SD, standard deviation; IQR, Inter-quartile ratio.

Northern Africa has the highest median number of dentists per 10,000 population (1.77), followed by Eastern Africa (0.18) and Southern Africa (0.16). Central and Western Africa had the lowest dentist to 10,000 population ratio (0.03 each). For dental prosthetic technicians, Northern Africa leads with a median of 0.17 technicians per 10,000 population, while Western Africa and Central Africa had very low median technicians to 10,000 population ratios (0.02 and 0.01, respectively). Southern Africa has the highest median dental assistants and therapists per 10,000 population ratio (0.2), whereas there were no dental assistants or therapists in Northern Africa [median (IQR): 0 (0,0)]. These disparities underscore the critical need for targeted interventions to address workforce shortages, especially in regions with limited dental care, to improve oral health outcomes across the continent.

Training needs

The needs of each country must be identified, and the necessary training must be carried out. A needs assessment based on the population and the number of people in the oral health workforce can determine the needs, and based on the disease burdens, the type of care can also be identified. Academic dental institutions and research centres are pivotal in identifying the continent and countries' unique oral health challenges (23). Dental schools and private stakeholders must invest in training so that an adequate supply of oral health workforce can be established. They can generate evidence to inform locally relevant oral health policies, build partnerships, and expand research focus to the whole continent (24). Another factor is the emigration of the oral health workforce to developed countries. This movement exacerbates the shortage and must be addressed nationally and continentally.

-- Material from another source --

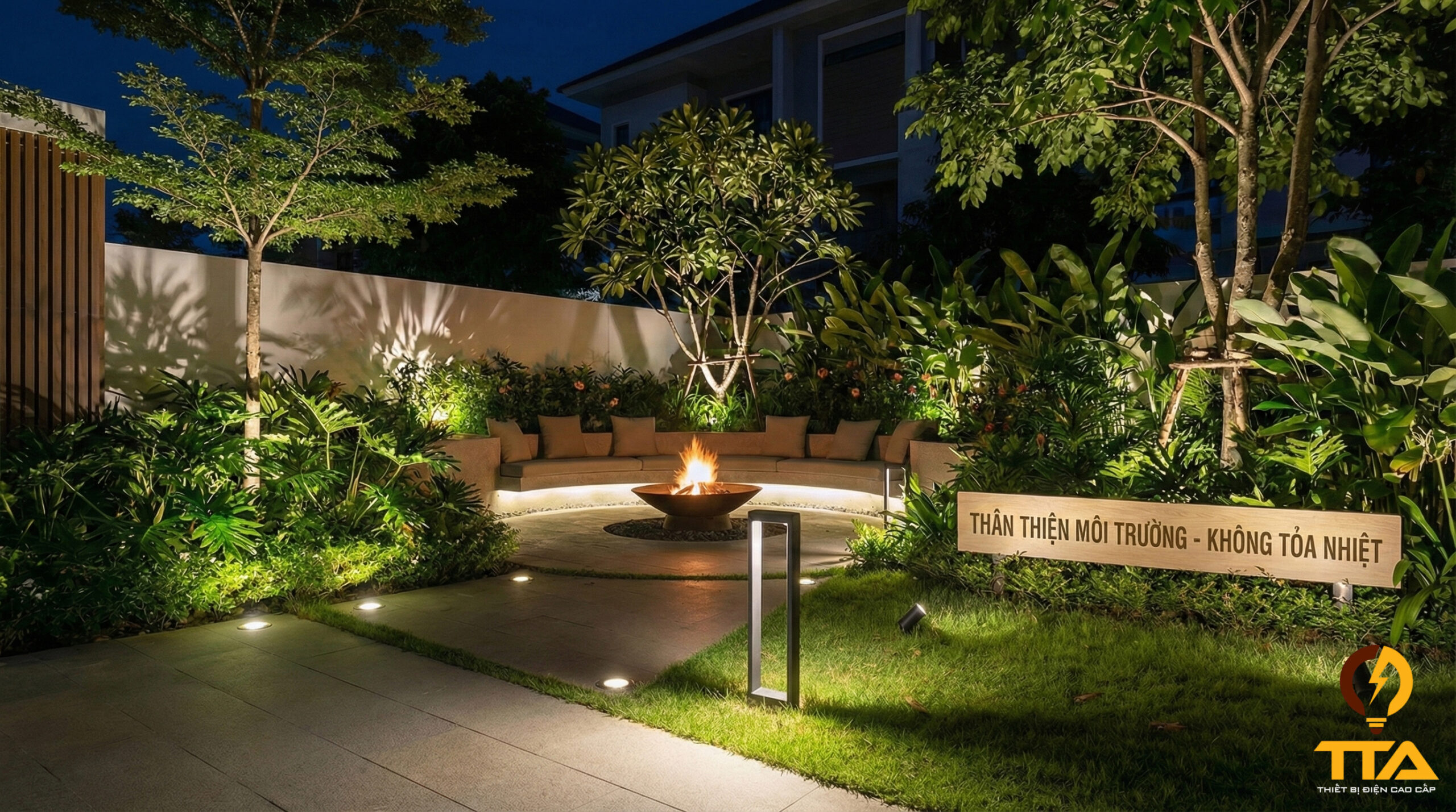 Ánh sáng LED cho màu trung thực, không nóng và không làm phai màu cây xanh hay vật liệu xung quanh. Điều này giúp không gian sân vườn luôn rực rỡ, thân thiện và an toàn cho con người – vật nuôi.

National dental associations can build capacity and promote resources. These professional associations can drive capacity-building initiatives and strengthen oral healthcare services through training and leveraging their global networks through organisations like the FDI to bring innovative solutions, technological advancements, and best practices to the African oral health systems.

The “African Summit” in Cape Town marked a critical step forward in addressing Africa's oral health challenges through a unified, collaborative approach. Attended by presidents from 16 African National Dental Associations, FDI stakeholders, WHO representatives, and government delegates, the summit produced a declaration setting three core priorities for the African strategy: strengthening the credibility of national dental associations, fostering leadership and management skills, and promoting effective peer-to-peer information exchange. These principles support sustainable growth and collaboration in African oral health development (25).

Oral health policies

Policy gaps play a significant role in Africa's marginalisation of oral health. Only 57% (26 out of 45) of African countries have a national oral health policy (26). The lack of a policy exacerbates the weakening oral health sector as it creates fragmented care, a reduced allocation of funds for oral health, a lack of emphasis on curative rather than preventive care, minimal focus on preventive programs, and limited education about oral hygiene. Even in countries with a policy, it is often not prioritised and applicable. The minimal integration of oral healthcare services into healthcare undermines the ability to reach a larger population segment through the public healthcare system (3). It is estimated that there will be approximately 98,745 public healthcare facilities in 50 countries in the AFR by the end of 2022 (27). Primary healthcare (PHC) centres are the most numerous, offering essential services like immunisation, maternal health care, and basic outpatient care, potentially reaching 80% of the population, as Ethiopia achieved in 2014 (28). The secondary healthcare facilities include district hospitals and some specialised clinics. The tertiary healthcare centres are major hospitals, which are fewer in number and are often located in large cities, managing complex health conditions that demand specialised expertise and targeted treatment. Only 5%–10% of the population need tertiary care services (29). Due to the poor integration of oral health care into PHC, many oral PHC services are provided at tertiary healthcare centres (30). Access to oral health care then becomes limited.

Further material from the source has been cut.